「祇園へ行きますか」。寂庵で少し話をした後で、瀬戸内寂聴は気にいった来客に必ずそう誘うらしい。誘われなかったら、それまでの人だということだ。行き先は茶屋の「みの家」。そこのおかみさん・吉村千万子は「京まんだら」のモデルになってもいるのだが、馴染みの茶屋は一軒しか持てないのがルール。つまり寂聴はそこしか行けないとなっている。嵯峨野から祇園へ、何とも華やかな花見気分となること請け合いである。鬱々としている老人の気分を派手な茶屋遊びで一気に吹き払ってもらいたいものだが、かなわぬ夢である。
ひょんなことから、寂聴と齋藤慎爾の対談をまとめた「寂聴詩歌伝」(本阿弥書店)を手にした。齋藤は「寂聴伝 良夜玲瓏」をまとめており、その後「ひばり伝 蒼穹流謫」、「周五郎伝 虚空巡礼」など精力的にものしている。寂聴91歳、齋藤74歳。ひょっとしたら17歳で、あなたを産んでいたとしても不思議ではない。父親のことは問わず、こんな天才で、世にもやさしい心根の男の子の母になっていたら、どんなに誇らしく幸せだっただろう。愚かなそそっかしい母は、次々まきこまれる情事の逐一を語り、相談する、と相変わらず人たらしの面目躍如で始まっている。ふたりの出会いは井上光晴の紹介で始まっている。寂聴の最後の恋人が井上光晴で、齋藤は井上に弟子入りし、原稿の清記などしていた。ほぼ40年に近い付き合いである。
この詩歌伝から「みの家」の恩恵にあずかった人物を探ってみた。まず「おい癌め酌みかはそうぜ秋の酒」の江國滋である。新潮社の編集者であった。週刊新潮に嵯峨三智子をモデルにした「女優」を連載していた時の担当で、寂聴に俳句の手ほどきもしている。亡くなった時は葬儀委員長を務めた。江國が俳句の師匠としている鷹羽狩行を連れて寂庵を訪ねたのだが、鷹羽は俳諧の光源氏といわれる端正さだ。惚れ込んだ寂超は誘わんものかと出かけている。「尼君のまろみに倣ひ鏡餅」「あぢさゐを乳房のごとく掬ひ上げ」と鷹羽はうたう。

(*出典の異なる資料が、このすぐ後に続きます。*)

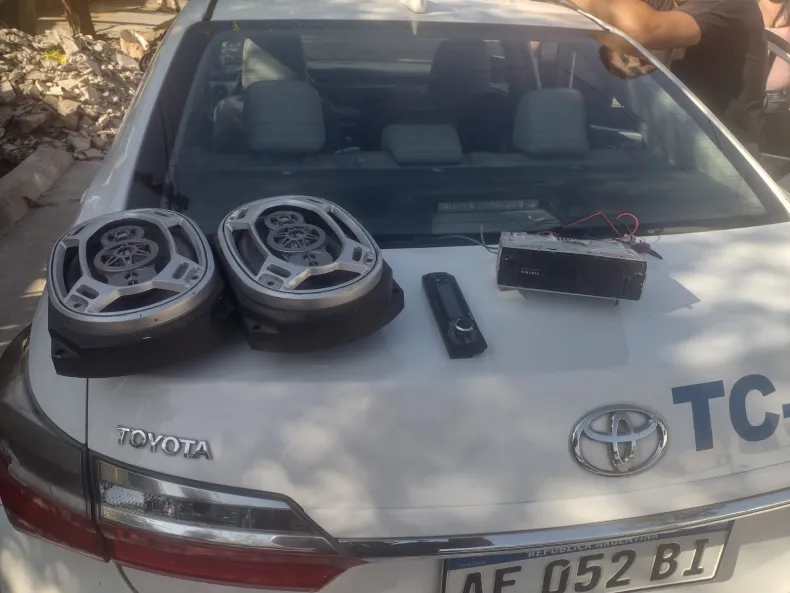 Al momento de la aprehensión, le secuestraron dos parlantes color negro con gris de 850 wats y un estéreo marca Philips.

また、永井龍男、井伏鱒二、河盛好蔵という文壇大御所3人もそんな恩恵にあずかっている。井伏鱒二が出てきた寂聴に似たお多福顔の舞妓をじっと見て「かわいいねあんた」と、とても穏やかな声でいい、上機嫌で呑んだらしい。いつもは吉祥寺のそばやで一杯ということだから、さすがの鱒二も高揚していたのかもしれない。寂聴の大御所たらしの極め付きでもある。
「京まんだら」は日経に連載された。寂聴は取材費は作家持ちだという信条がある。もし日経持ちだとすればすぐに相手方にも伝わる。全部自分で払う心意気に感じ入ったおかみの千万子は、仲居への心付けの出し方から、呼んだ妓たちへの心付けの金額から渡し方まで、祇園では、すべてを金銭で割り切ることを教えたのである。それまで祇園は客である男の側から、例えば里見とん、吉井勇などが書こうとしても、取材させてもらえませんかだ。それでは描けない。祇園はひとつの文化であるという深い認識と感性がなければ、祇園がこぞって応援してくれる事態は起こらなかった。人の中に易々と溶け込めるのはやはり寂聴の天性といっていい。一方で、湯水の如く使ったという度胸が作品を作り上げたともいえる。
最後はこう結んでおきたい。「90年生きてきて、今の時代が最も悪しき時代だ」と誰憚ることなく喝破する寂聴の直感はやはり説得力を持つ。91歳を時代の最前列に置かざるを得ない知識層の貧困を嘆かざるを得ないのだが。
さて、友人である野田雄一・富山ガラス工房館長も「みの家」組である。徳島大学出身の地の利を得て、徳島で開講した寂聴塾の一期生で、彼の個展の推薦文はすべて寂聴が書いている。